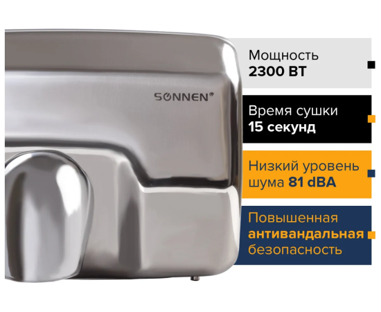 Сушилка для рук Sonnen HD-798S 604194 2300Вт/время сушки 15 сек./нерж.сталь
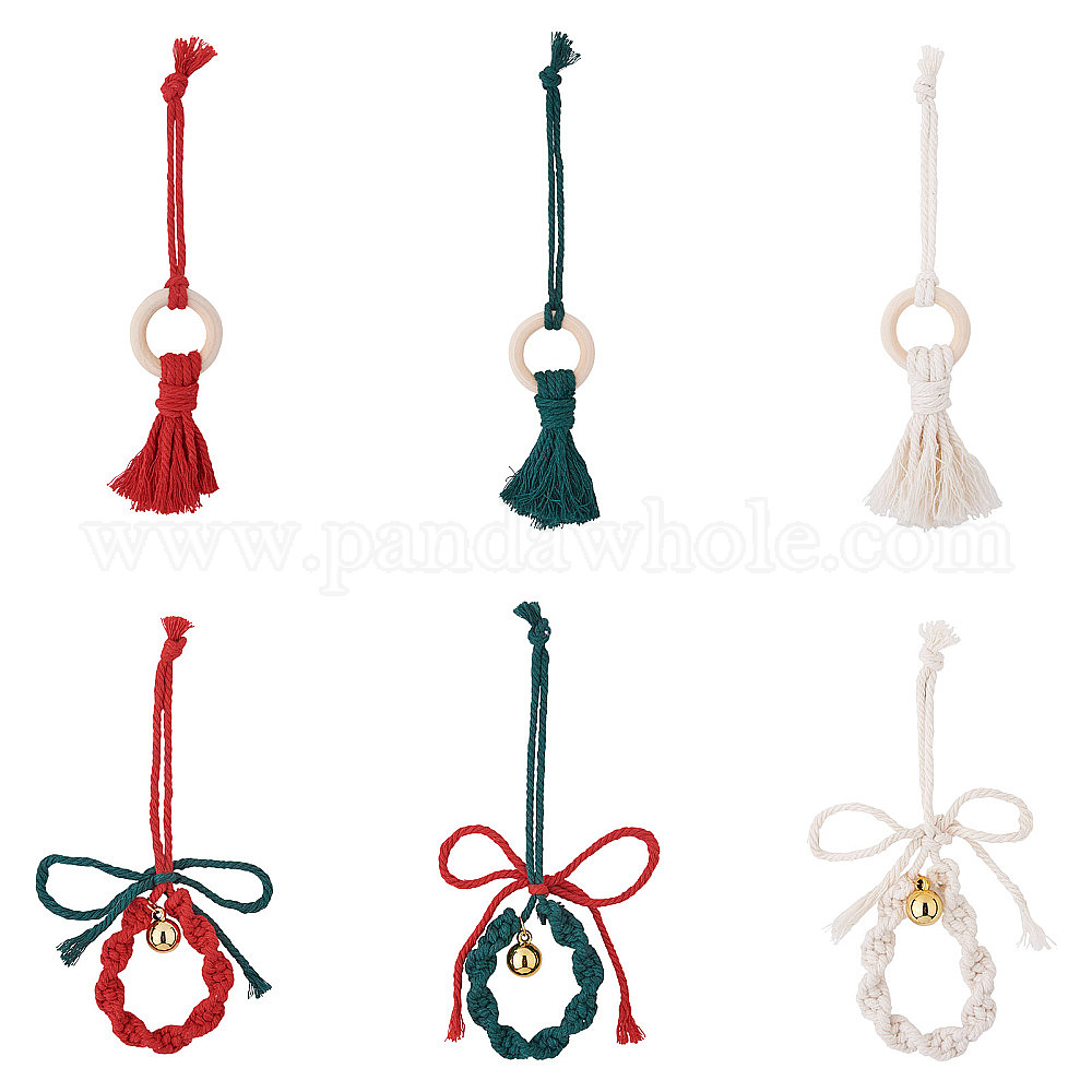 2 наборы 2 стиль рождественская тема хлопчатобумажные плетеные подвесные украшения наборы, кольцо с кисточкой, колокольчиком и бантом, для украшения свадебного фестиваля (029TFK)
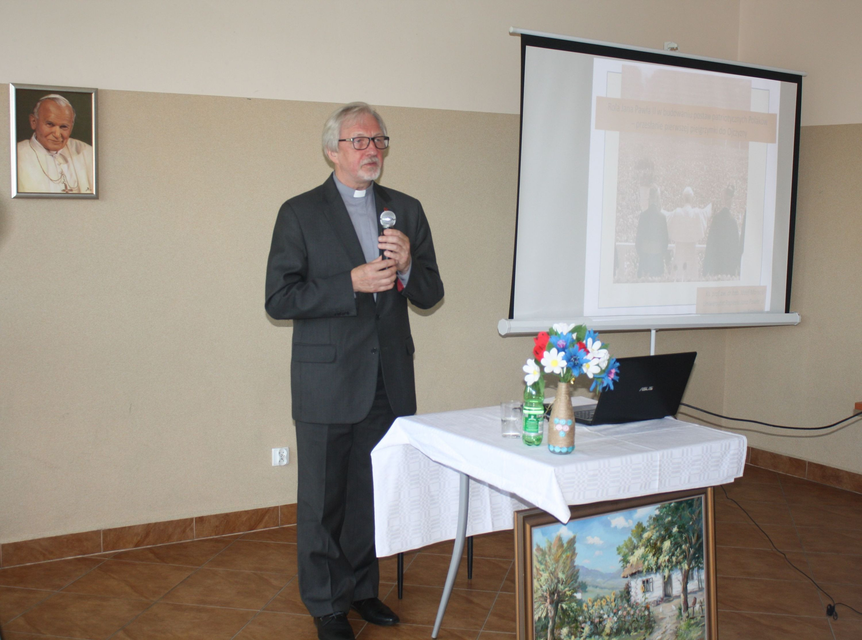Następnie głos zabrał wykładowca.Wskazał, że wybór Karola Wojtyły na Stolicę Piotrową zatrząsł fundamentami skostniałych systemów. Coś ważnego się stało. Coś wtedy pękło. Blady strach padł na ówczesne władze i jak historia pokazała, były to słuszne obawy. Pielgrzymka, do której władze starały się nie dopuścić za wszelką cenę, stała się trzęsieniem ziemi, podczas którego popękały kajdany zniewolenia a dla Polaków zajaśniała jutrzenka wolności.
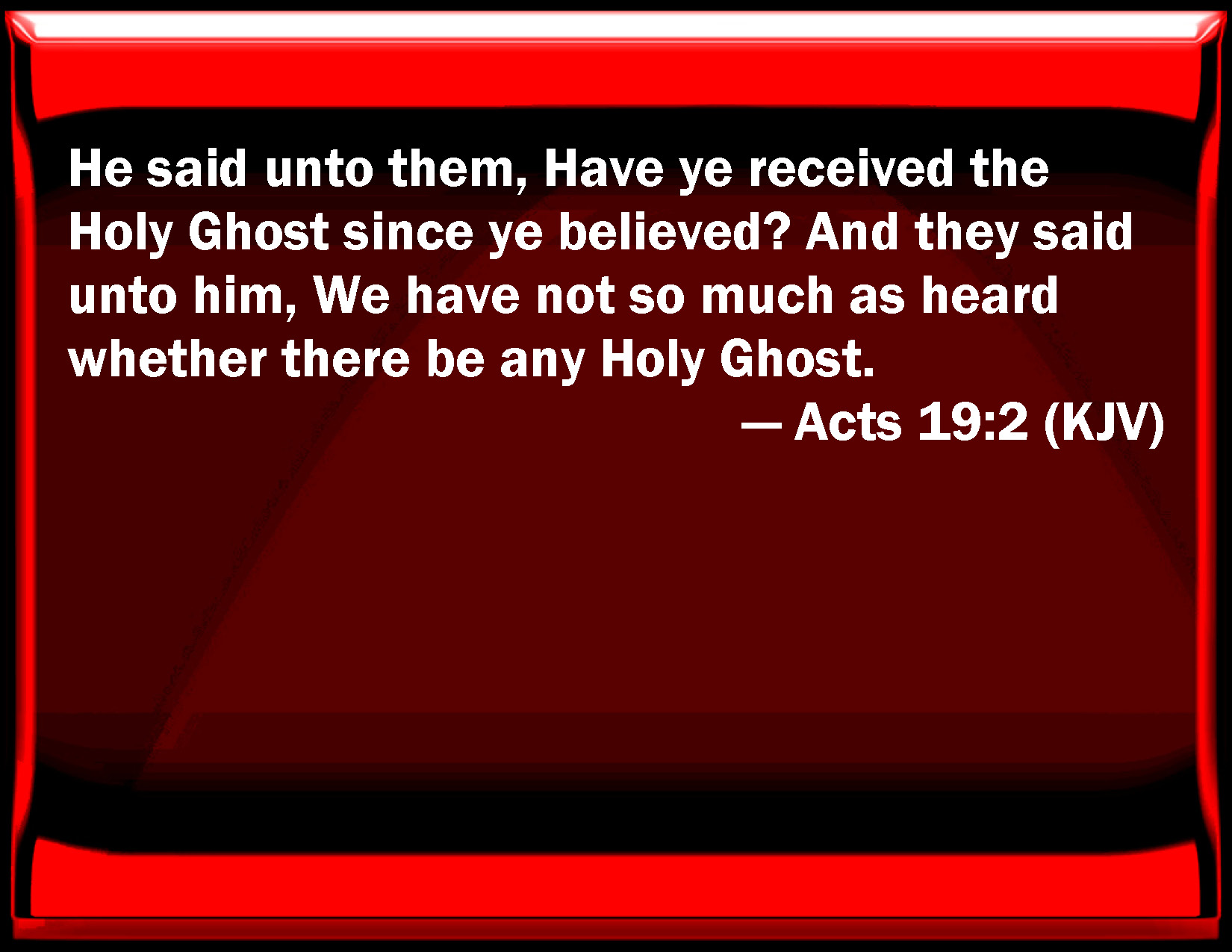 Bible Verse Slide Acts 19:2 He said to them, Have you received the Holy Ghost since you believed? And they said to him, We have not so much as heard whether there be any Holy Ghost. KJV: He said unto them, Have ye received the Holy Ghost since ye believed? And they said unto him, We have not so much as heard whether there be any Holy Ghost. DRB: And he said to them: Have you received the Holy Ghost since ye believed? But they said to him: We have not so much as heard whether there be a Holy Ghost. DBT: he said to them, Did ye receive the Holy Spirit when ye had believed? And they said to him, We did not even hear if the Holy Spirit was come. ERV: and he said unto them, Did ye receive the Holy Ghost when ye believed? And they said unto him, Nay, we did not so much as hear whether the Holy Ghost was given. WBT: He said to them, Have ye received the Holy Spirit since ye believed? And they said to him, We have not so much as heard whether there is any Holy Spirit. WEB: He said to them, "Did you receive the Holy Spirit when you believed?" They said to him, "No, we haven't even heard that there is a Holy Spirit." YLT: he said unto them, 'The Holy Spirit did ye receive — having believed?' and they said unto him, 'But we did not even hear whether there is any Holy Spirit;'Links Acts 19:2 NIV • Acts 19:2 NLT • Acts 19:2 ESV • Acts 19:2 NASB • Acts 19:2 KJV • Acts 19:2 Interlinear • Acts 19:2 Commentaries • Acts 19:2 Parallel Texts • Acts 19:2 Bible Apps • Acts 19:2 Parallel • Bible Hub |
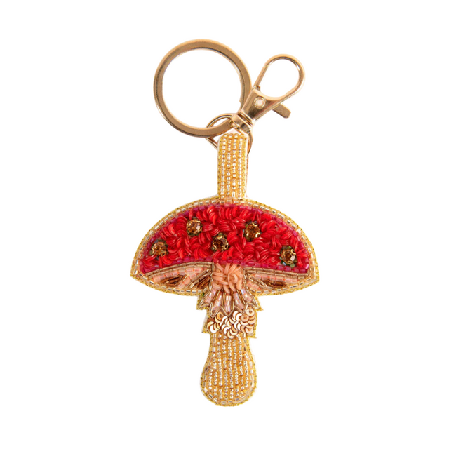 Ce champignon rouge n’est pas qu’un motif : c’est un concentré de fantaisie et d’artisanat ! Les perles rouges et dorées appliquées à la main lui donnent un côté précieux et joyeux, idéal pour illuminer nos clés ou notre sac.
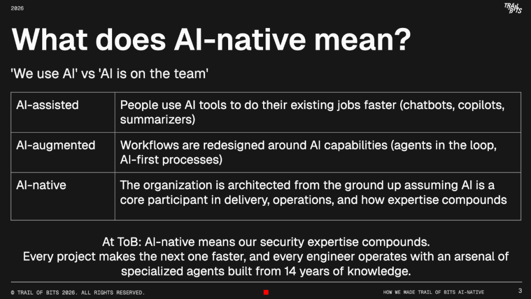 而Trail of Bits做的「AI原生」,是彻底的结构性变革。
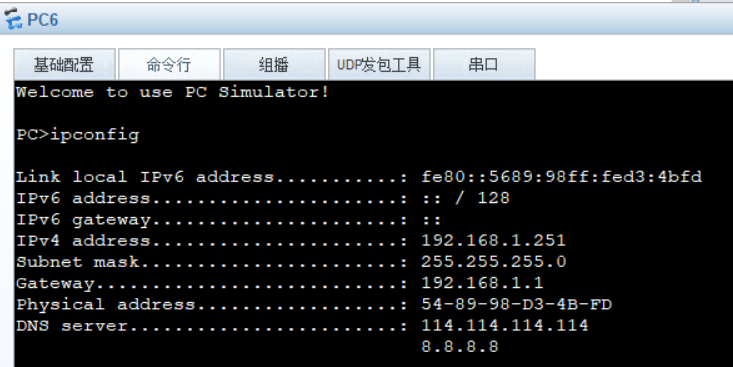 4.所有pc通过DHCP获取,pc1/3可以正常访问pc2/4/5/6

▶ _WORK ITEM_: Your job is to copy each entry exactly as written; the pictures do not go in.

▶ _OUTPUT FOR THIS TASK_:
 Сушилка для рук Sonnen HD-798S 604194 2300Вт/время сушки 15 сек./нерж.сталь
 2 наборы 2 стиль рождественская тема хлопчатобумажные плетеные подвесные украшения наборы, кольцо с кисточкой, колокольчиком и бантом, для украшения свадебного фестиваля (029TFK)
Następnie głos zabrał wykładowca.Wskazał, że wybór Karola Wojtyły na Stolicę Piotrową zatrząsł fundamentami skostniałych systemów. Coś ważnego się stało. Coś wtedy pękło. Blady strach padł na ówczesne władze i jak historia pokazała, były to słuszne obawy. Pielgrzymka, do której władze starały się nie dopuścić za wszelką cenę, stała się trzęsieniem ziemi, podczas którego popękały kajdany zniewolenia a dla Polaków zajaśniała jutrzenka wolności.
 Bible Verse Slide Acts 19:2 He said to them, Have you received the Holy Ghost since you believed? And they said to him, We have not so much as heard whether there be any Holy Ghost. KJV: He said unto them, Have ye received the Holy Ghost since ye believed? And they said unto him, We have not so much as heard whether there be any Holy Ghost. DRB: And he said to them: Have you received the Holy Ghost since ye believed? But they said to him: We have not so much as heard whether there be a Holy Ghost. DBT: he said to them, Did ye receive the Holy Spirit when ye had believed? And they said to him, We did not even hear if the Holy Spirit was come. ERV: and he said unto them, Did ye receive the Holy Ghost when ye believed? And they said unto him, Nay, we did not so much as hear whether the Holy Ghost was given. WBT: He said to them, Have ye received the Holy Spirit since ye believed? And they said to him, We have not so much as heard whether there is any Holy Spirit. WEB: He said to them, "Did you receive the Holy Spirit when you believed?" They said to him, "No, we haven't even heard that there is a Holy Spirit." YLT: he said unto them, 'The Holy Spirit did ye receive — having believed?' and they said unto him, 'But we did not even hear whether there is any Holy Spirit;'Links Acts 19:2 NIV • Acts 19:2 NLT • Acts 19:2 ESV • Acts 19:2 NASB • Acts 19:2 KJV • Acts 19:2 Interlinear • Acts 19:2 Commentaries • Acts 19:2 Parallel Texts • Acts 19:2 Bible Apps • Acts 19:2 Parallel • Bible Hub |
 Ce champignon rouge n’est pas qu’un motif : c’est un concentré de fantaisie et d’artisanat ! Les perles rouges et dorées appliquées à la main lui donnent un côté précieux et joyeux, idéal pour illuminer nos clés ou notre sac.
 而Trail of Bits做的「AI原生」,是彻底的结构性变革。
 4.所有pc通过DHCP获取,pc1/3可以正常访问pc2/4/5/6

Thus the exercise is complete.